What to work on - A faithful copy of the entries is needed, one that leaves out the pictures.

Given information -
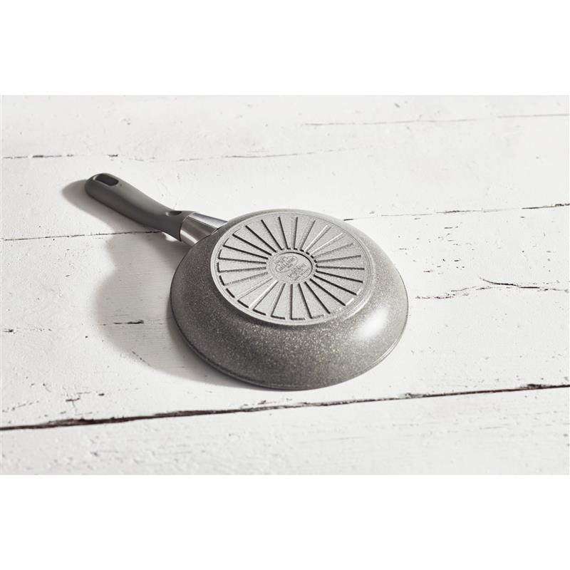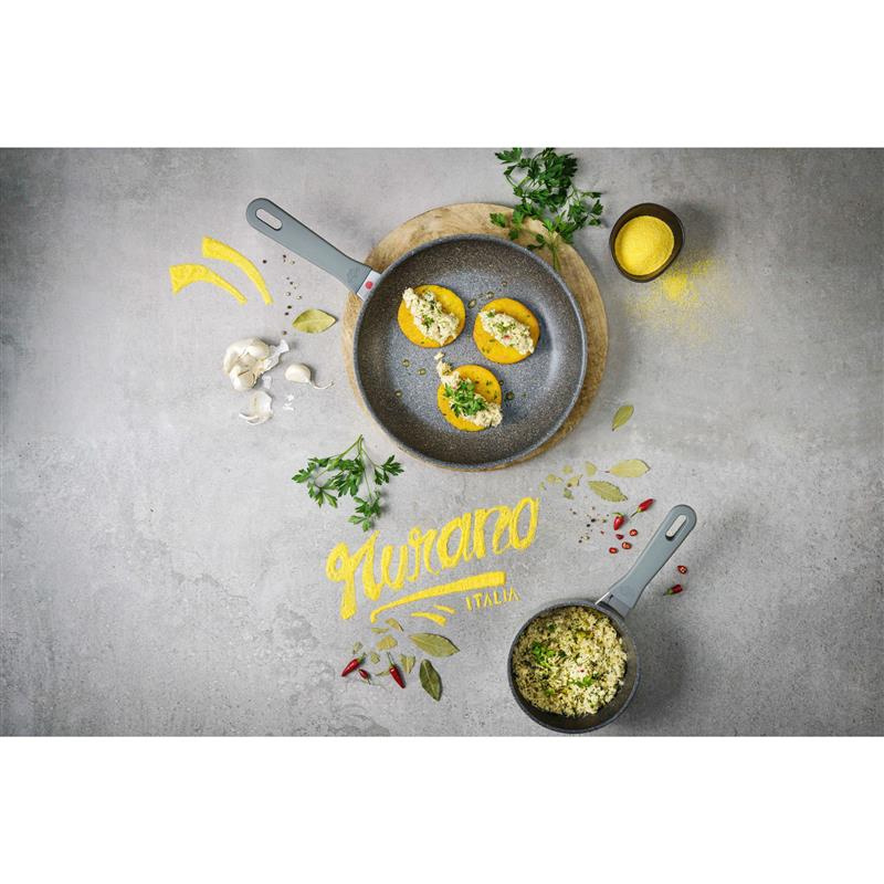 Patelnia z serii Murano marki Ballarini stanie się Twoją najbliższą kuchenną przyjaciółką. Smażenie, duszenie czy gotowanie okaże się codzienną przyjemnością. Jej piękny, granitowy design stworzony został przez wybitny duet projektantów Matteo Thun & Antonio Rodriguez. Patelnia jest odporna na zarysowania i łatwa w pielęgnacji dzięki specjalnej 5-warstwowej powłoce nieprzywierającej GRANITUM Extreme o grubości 4.5 mm. Bez obaw można ją czyścić w zmywarce, jednak dla zagwarantowania wyjątkowej trwałości zalecane jest mycie ręczne. Wysokiej jakości materiał wykonany z litego, kutego aluminium oszczędza cenny czas podczas nagrzewania.
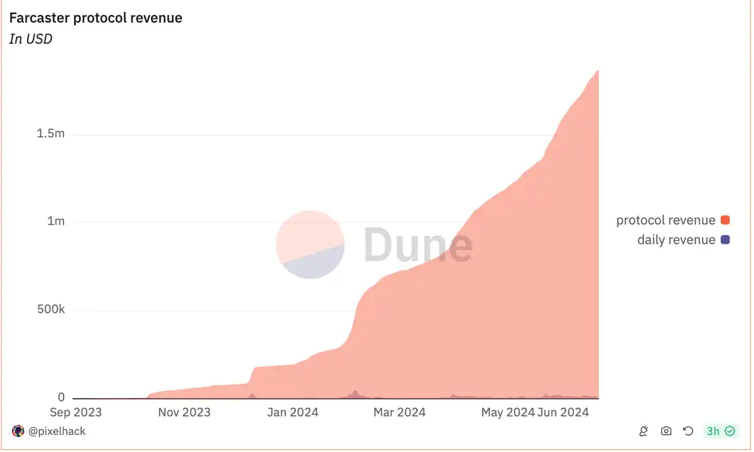截至目前,通过注册费和数据存储费用,Farcaster 已累计收入近 190 万美元。
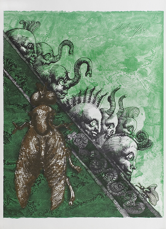 Jan Lebenstein (Brześć Litewski 1930 - Kraków 1999) w latach 1948-1954 studiował malarstwo w ASP w Warszawie pod kierunkiem prof. Eugeniusza Eibischa i Artura Nachta-Samborskiego. W 1955 wziął udział w wystawie w warszawskim Arsenale. Zaprzyjaźniony w czasie studiów z Mironem Białoszewskim, swą pierwszą wystawę indywidualną pokazał w 1956 w Teatrze na Tarczyńskiej. W 1959 zdobył Grand Prix de la Ville de Paris na I Biennale Młodych w Paryżu i w tym roku przeniósł się na stałe do Paryża. Po seriach "figur kreślonych" (na papierze milimetrowym) i "figur hieratycznych" z lat 1955-1958 maluje cykl "figur osiowych" (1958-1962), które wystawia w Paryżu i USA. Równolegle w 1960 zaczyna rysowane "karnety", rodzaj dziennika, który w przyszłości dostarczy motywów wykorzystanych w obrazach. W latach 1964-1965 maluje "Bestiarium", cykl fakturowych, archaizowanych stworów przypominających prehistoryczne wykopaliska. Bezpośrednio po nich wprowadza do swych obrazów postaci ludzkie i fantastyczne, odgrywające sceny ni to mitologiczne, ni to ze snu, często przesycone erotyką. W 1970 projektuje witraże dla Centre du Dialogue w Paryżu. W W 1971 otrzymuje obywatelstwo francuskie 1974 powstają gwasze inspirowane Folwarkiem zwierzęcym George'a Orwella. W latach 1976-1989 tworzy wyłącznie w technice gwaszu i pastelu, podejmując tematykę mitologiczną i zaczerpniętą z Biblii: cykle ilustracji do Księgi Hioba (wyd. 1979) i do Apokalipsy (wyd. 1986) w nowych przekładach Czesława Miłosza. W 1989 powraca do malarstwa olejnego (cykl "Pergamon"). Artysta otrzymał m. in. nagrodę Fundacji im. Alfreda Jurzykowskiego w 1976, Nagrodę Muzeum Archidiecezji Warszawskiej w 1985, Nagrodę im. Jana Cybisa w 1987.
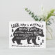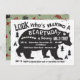Super divertido boho tribal. Invitación de cumpleaños del oso con oso negro grande, pino, flechas y títeres con fuentes divertidas y un fondo salpicado. En la parte trasera hay huellas de flecha y de pie de garra de oso. Ilustracion dibujado a mano por McBooboos
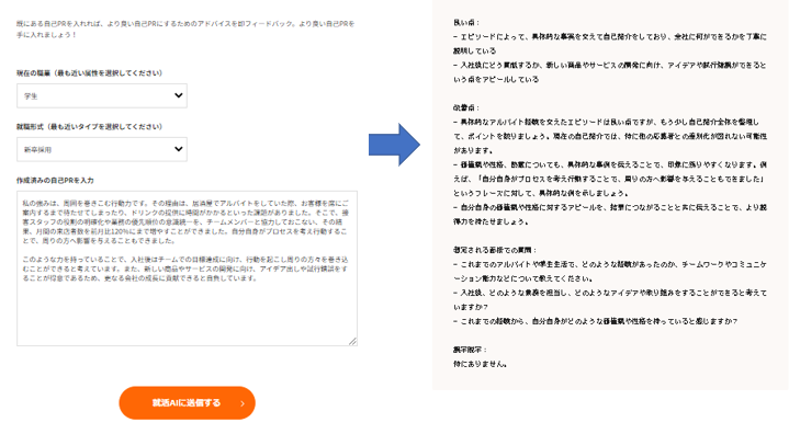 「就活AI」は、入力されたキーワードやエピソードに応じて、AIが自己PRのたたき台を作成。また、自己PRや志望動機の添削、フィードバックを実施してくれます。24時間365日無料で利用できることで、就活生や転職者が使いたいとき、すぐに使えることが特徴です。面接練習AIや自己分析サービスとも連携しており、AIを活用して就職・転職活動の“タイパ”をぐっと高めることが可能です。
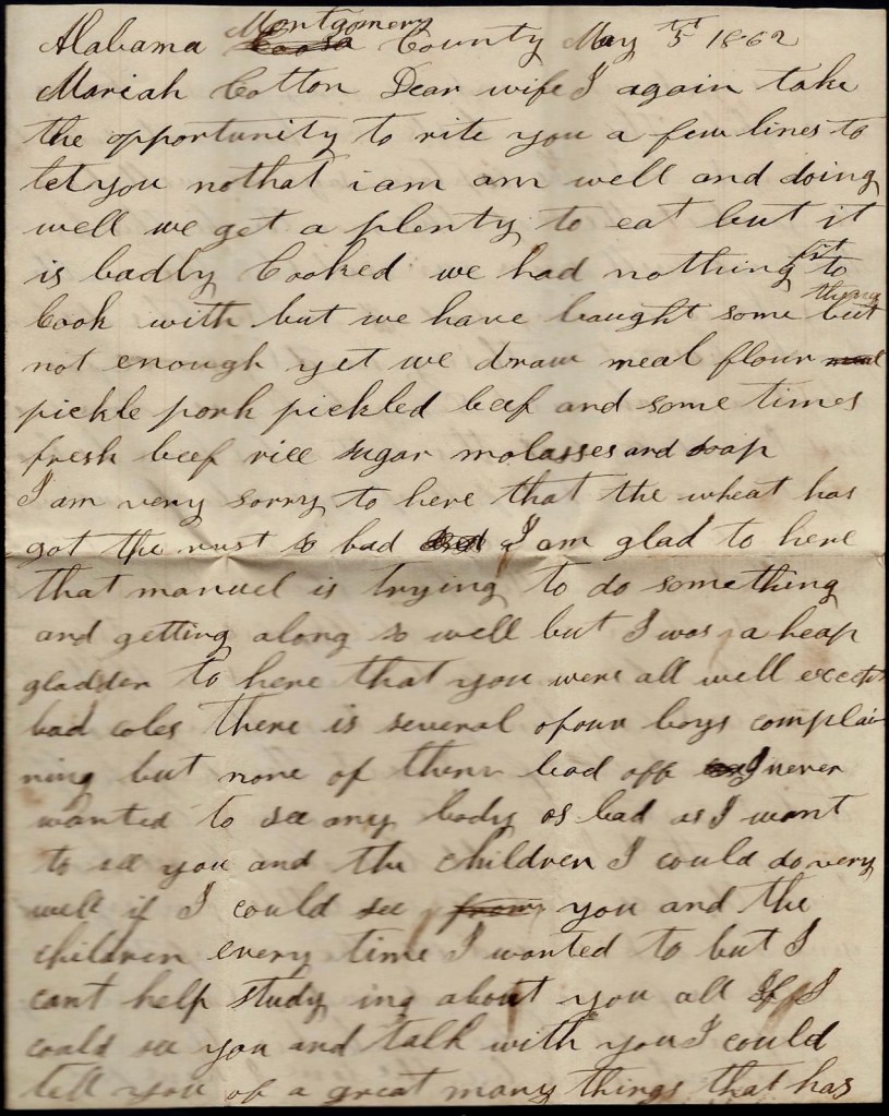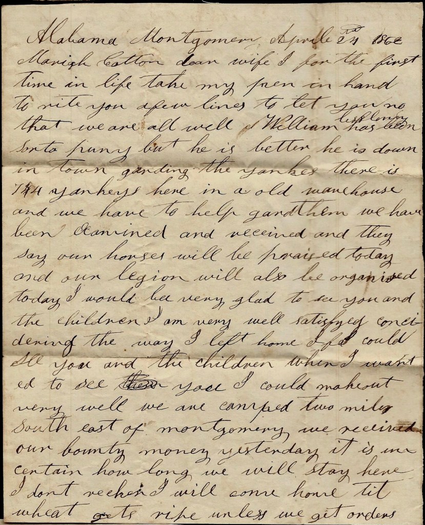 We are camped two miles southeast of Montgomery. We received our [$50] bounty money yesterday. It is uncertain how long we will stay here. I don’t reckon I will come home till wheat gets ripe unless we get orders to leave. If we get orders to march, I will come home sooner. I would be glad to be there and see how things are going on and look around a little. Write to me and tell me how my wheat is doing and how things are going on. Nothing more at present but remain your affectionate husband till death, — John W. Cotton
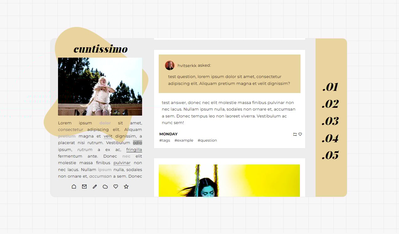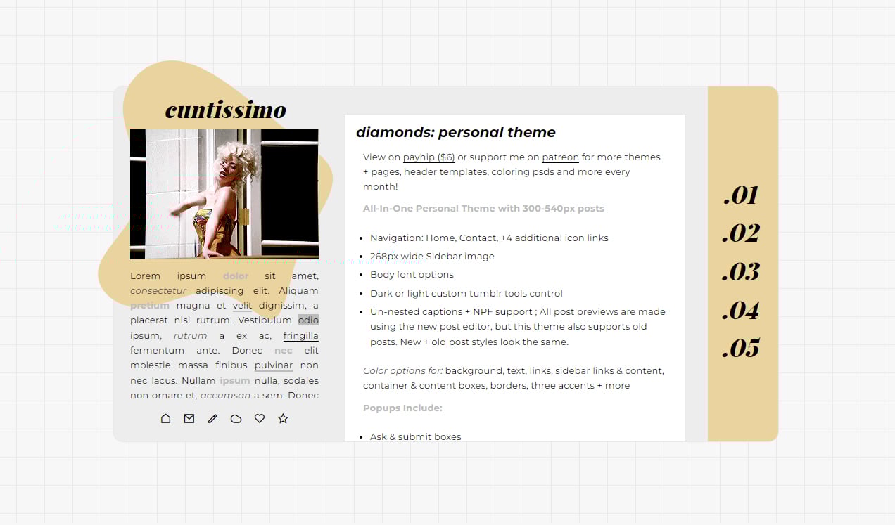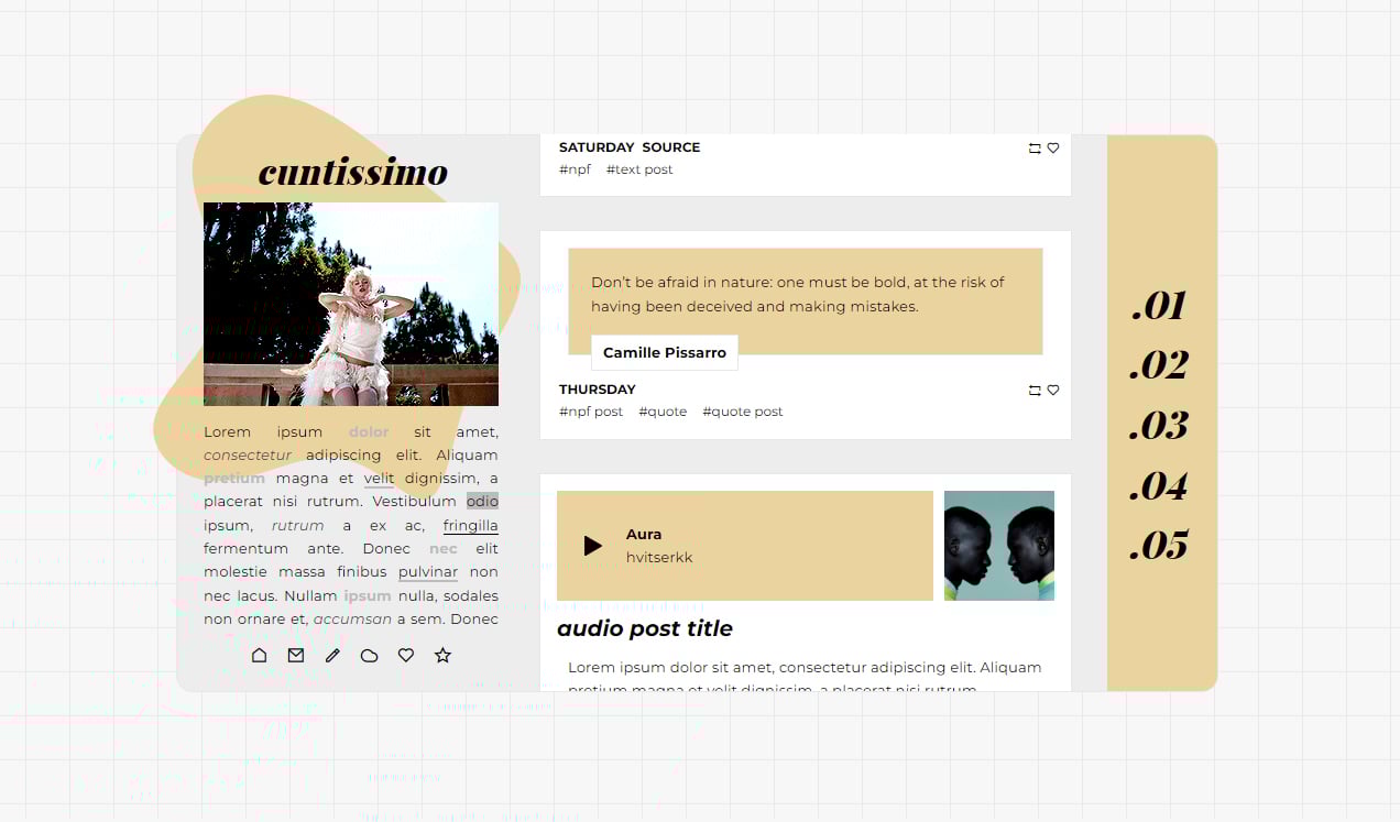 - Un-nested captions + NPF support ; All post previews are made using the new post editor, but this theme also supports old posts. New + old post styles look the same.
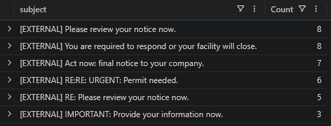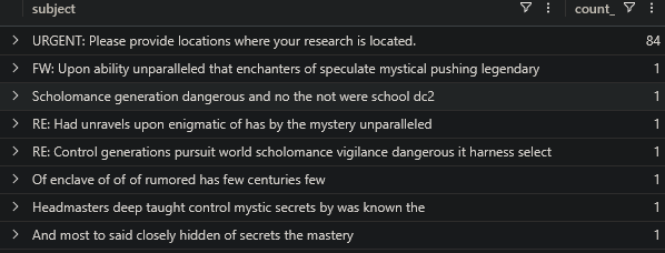 Oh no! You’ve been hit by something, someone, or some force that has stolen something from your enclave. You’re not sure, but you need to investigate. There was a lot of emails going around about regulation and compliance. Search for these terms in the Emails table.
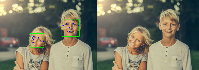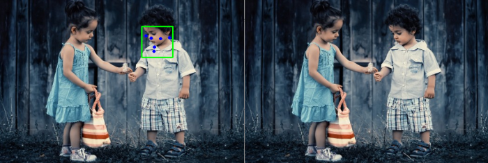 이 중 한 아이만 얼굴이 감지되었고, 다른 아이는 측면이 심하게 돌아가 있어 감지되지 않았습니다.

Written solution -
 Patelnia z serii Murano marki Ballarini stanie się Twoją najbliższą kuchenną przyjaciółką. Smażenie, duszenie czy gotowanie okaże się codzienną przyjemnością. Jej piękny, granitowy design stworzony został przez wybitny duet projektantów Matteo Thun & Antonio Rodriguez. Patelnia jest odporna na zarysowania i łatwa w pielęgnacji dzięki specjalnej 5-warstwowej powłoce nieprzywierającej GRANITUM Extreme o grubości 4.5 mm. Bez obaw można ją czyścić w zmywarce, jednak dla zagwarantowania wyjątkowej trwałości zalecane jest mycie ręczne. Wysokiej jakości materiał wykonany z litego, kutego aluminium oszczędza cenny czas podczas nagrzewania.
截至目前,通过注册费和数据存储费用,Farcaster 已累计收入近 190 万美元。
 Jan Lebenstein (Brześć Litewski 1930 - Kraków 1999) w latach 1948-1954 studiował malarstwo w ASP w Warszawie pod kierunkiem prof. Eugeniusza Eibischa i Artura Nachta-Samborskiego. W 1955 wziął udział w wystawie w warszawskim Arsenale. Zaprzyjaźniony w czasie studiów z Mironem Białoszewskim, swą pierwszą wystawę indywidualną pokazał w 1956 w Teatrze na Tarczyńskiej. W 1959 zdobył Grand Prix de la Ville de Paris na I Biennale Młodych w Paryżu i w tym roku przeniósł się na stałe do Paryża. Po seriach "figur kreślonych" (na papierze milimetrowym) i "figur hieratycznych" z lat 1955-1958 maluje cykl "figur osiowych" (1958-1962), które wystawia w Paryżu i USA. Równolegle w 1960 zaczyna rysowane "karnety", rodzaj dziennika, który w przyszłości dostarczy motywów wykorzystanych w obrazach. W latach 1964-1965 maluje "Bestiarium", cykl fakturowych, archaizowanych stworów przypominających prehistoryczne wykopaliska. Bezpośrednio po nich wprowadza do swych obrazów postaci ludzkie i fantastyczne, odgrywające sceny ni to mitologiczne, ni to ze snu, często przesycone erotyką. W 1970 projektuje witraże dla Centre du Dialogue w Paryżu. W W 1971 otrzymuje obywatelstwo francuskie 1974 powstają gwasze inspirowane Folwarkiem zwierzęcym George'a Orwella. W latach 1976-1989 tworzy wyłącznie w technice gwaszu i pastelu, podejmując tematykę mitologiczną i zaczerpniętą z Biblii: cykle ilustracji do Księgi Hioba (wyd. 1979) i do Apokalipsy (wyd. 1986) w nowych przekładach Czesława Miłosza. W 1989 powraca do malarstwa olejnego (cykl "Pergamon"). Artysta otrzymał m. in. nagrodę Fundacji im. Alfreda Jurzykowskiego w 1976, Nagrodę Muzeum Archidiecezji Warszawskiej w 1985, Nagrodę im. Jana Cybisa w 1987.
Super divertido boho tribal. Invitación de cumpleaños del oso con oso negro grande, pino, flechas y títeres con fuentes divertidas y un fondo salpicado. En la parte trasera hay huellas de flecha y de pie de garra de oso. Ilustracion dibujado a mano por McBooboos
 「就活AI」は、入力されたキーワードやエピソードに応じて、AIが自己PRのたたき台を作成。また、自己PRや志望動機の添削、フィードバックを実施してくれます。24時間365日無料で利用できることで、就活生や転職者が使いたいとき、すぐに使えることが特徴です。面接練習AIや自己分析サービスとも連携しており、AIを活用して就職・転職活動の“タイパ”をぐっと高めることが可能です。
 We are camped two miles southeast of Montgomery. We received our [$50] bounty money yesterday. It is uncertain how long we will stay here. I don’t reckon I will come home till wheat gets ripe unless we get orders to leave. If we get orders to march, I will come home sooner. I would be glad to be there and see how things are going on and look around a little. Write to me and tell me how my wheat is doing and how things are going on. Nothing more at present but remain your affectionate husband till death, — John W. Cotton
 - Un-nested captions + NPF support ; All post previews are made using the new post editor, but this theme also supports old posts. New + old post styles look the same.
 Oh no! You’ve been hit by something, someone, or some force that has stolen something from your enclave. You’re not sure, but you need to investigate. There was a lot of emails going around about regulation and compliance. Search for these terms in the Emails table.
 이 중 한 아이만 얼굴이 감지되었고, 다른 아이는 측면이 심하게 돌아가 있어 감지되지 않았습니다.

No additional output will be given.